Segment Start: MATERIAL PROVIDED

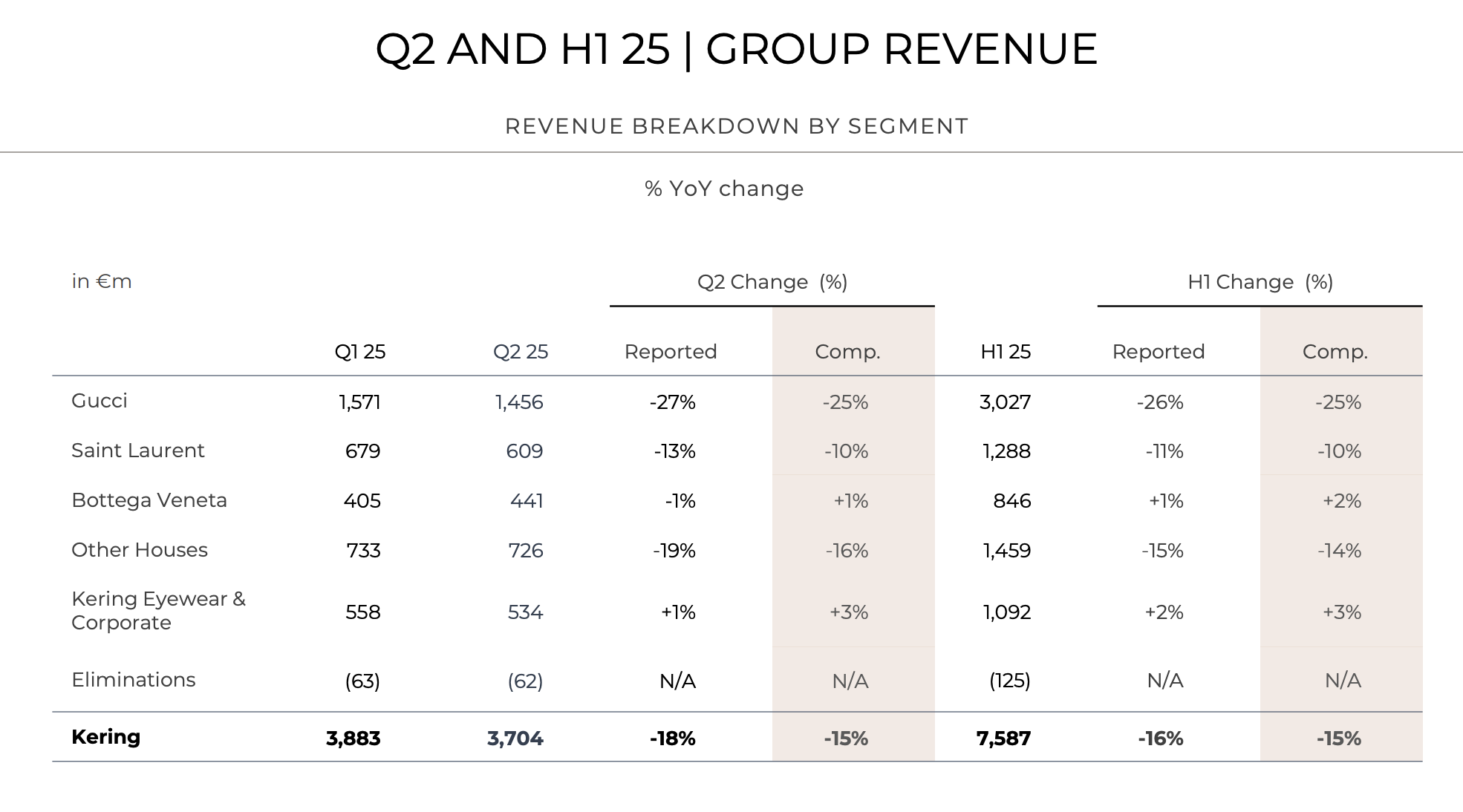 Luxury group Kering has posted a -16% decline in reported revenues (-15% comparable) for the first half ended 30 June, reflecting continued headwinds across its luxury brand portfolio.
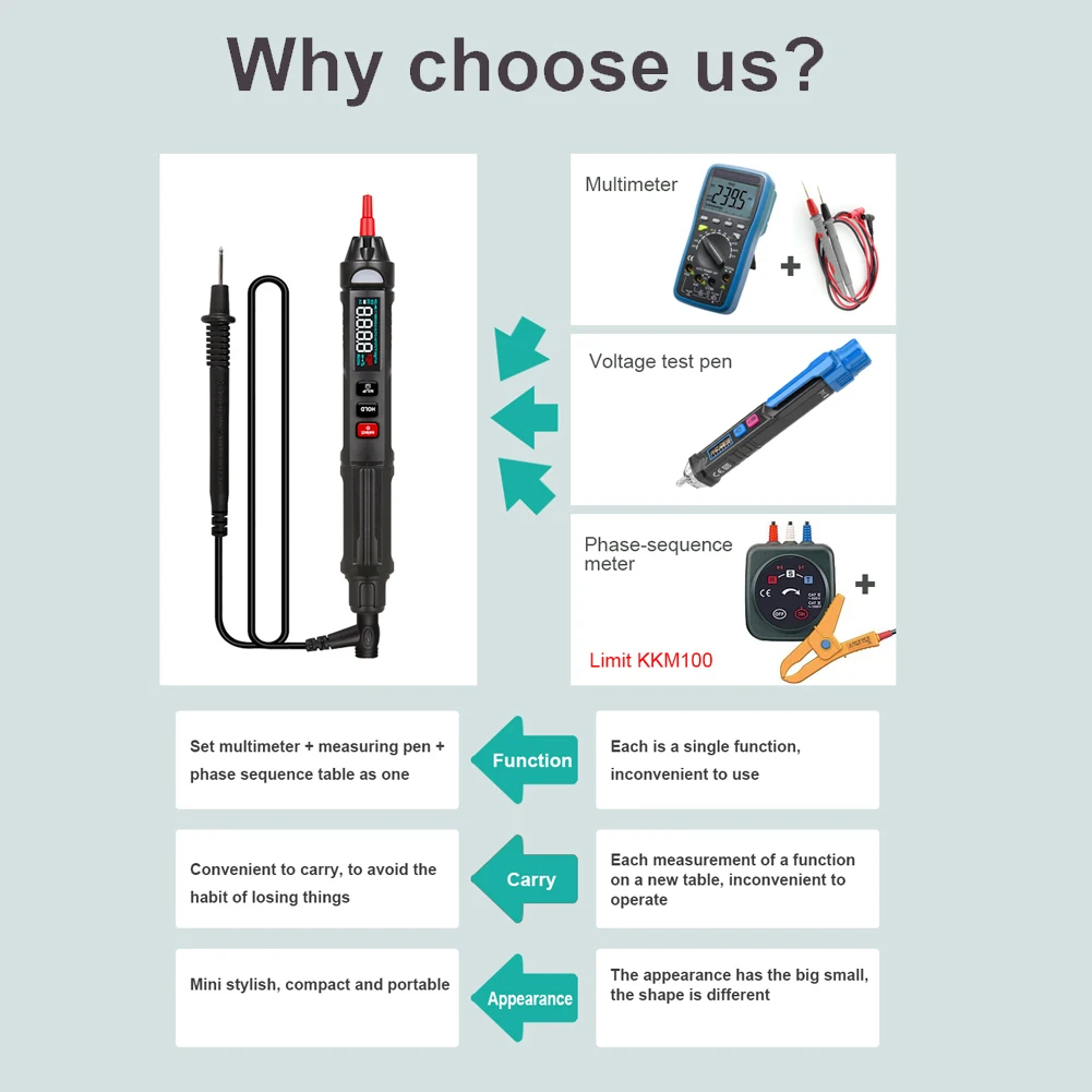 Автоматическое выключение и звуковая сигнализация-мультиметр ручки имеет функцию автоматического отключения, которая автоматически отключится, если нет операции для минут, низкое энергопотребление. Звуковая + светильник сигнализация облегчает измерение.
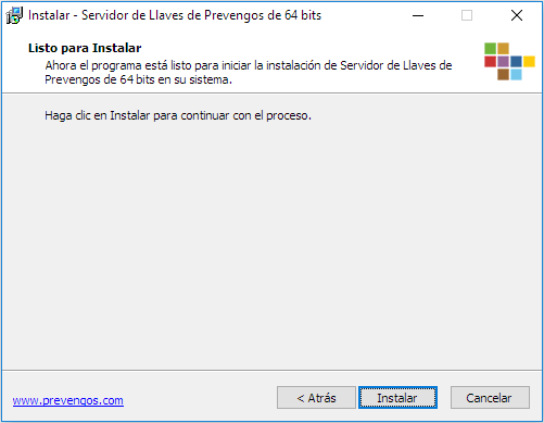 Este es el último paso del asistente de instalación del servidor de llaves, sólo tiene que hacer clic sobre el botón
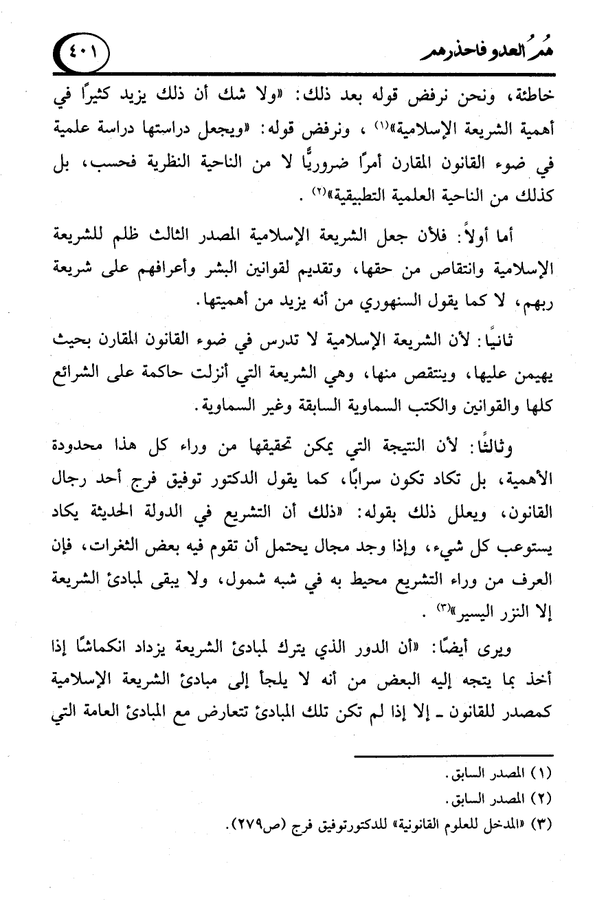 خاطئة، ونحن نرفض قوله بعد ذلك: "ولا شك أن ذلك يزيد كثيرًا في أهمية الشريعة الإسلامية" (1)، ونرفض قوله: "ويجعل دراستها دراسة علمية في ضوء القانون المقارن أمرًا ضروريًّا لا من الناحية النظرية فحسب، بل كذلك من الناحية العلمية التطبيقية" (2).

Segment End: MATERIAL PROVIDED

• _WORK TO BE COMPLETED_
Would you return the material above exactly, apart from its pictures?

• _REPLY_
 Luxury group Kering has posted a -16% decline in reported revenues (-15% comparable) for the first half ended 30 June, reflecting continued headwinds across its luxury brand portfolio.
 Автоматическое выключение и звуковая сигнализация-мультиметр ручки имеет функцию автоматического отключения, которая автоматически отключится, если нет операции для минут, низкое энергопотребление. Звуковая + светильник сигнализация облегчает измерение.
 Este es el último paso del asistente de instalación del servidor de llaves, sólo tiene que hacer clic sobre el botón
 خاطئة، ونحن نرفض قوله بعد ذلك: "ولا شك أن ذلك يزيد كثيرًا في أهمية الشريعة الإسلامية" (1)، ونرفض قوله: "ويجعل دراستها دراسة علمية في ضوء القانون المقارن أمرًا ضروريًّا لا من الناحية النظرية فحسب، بل كذلك من الناحية العلمية التطبيقية" (2).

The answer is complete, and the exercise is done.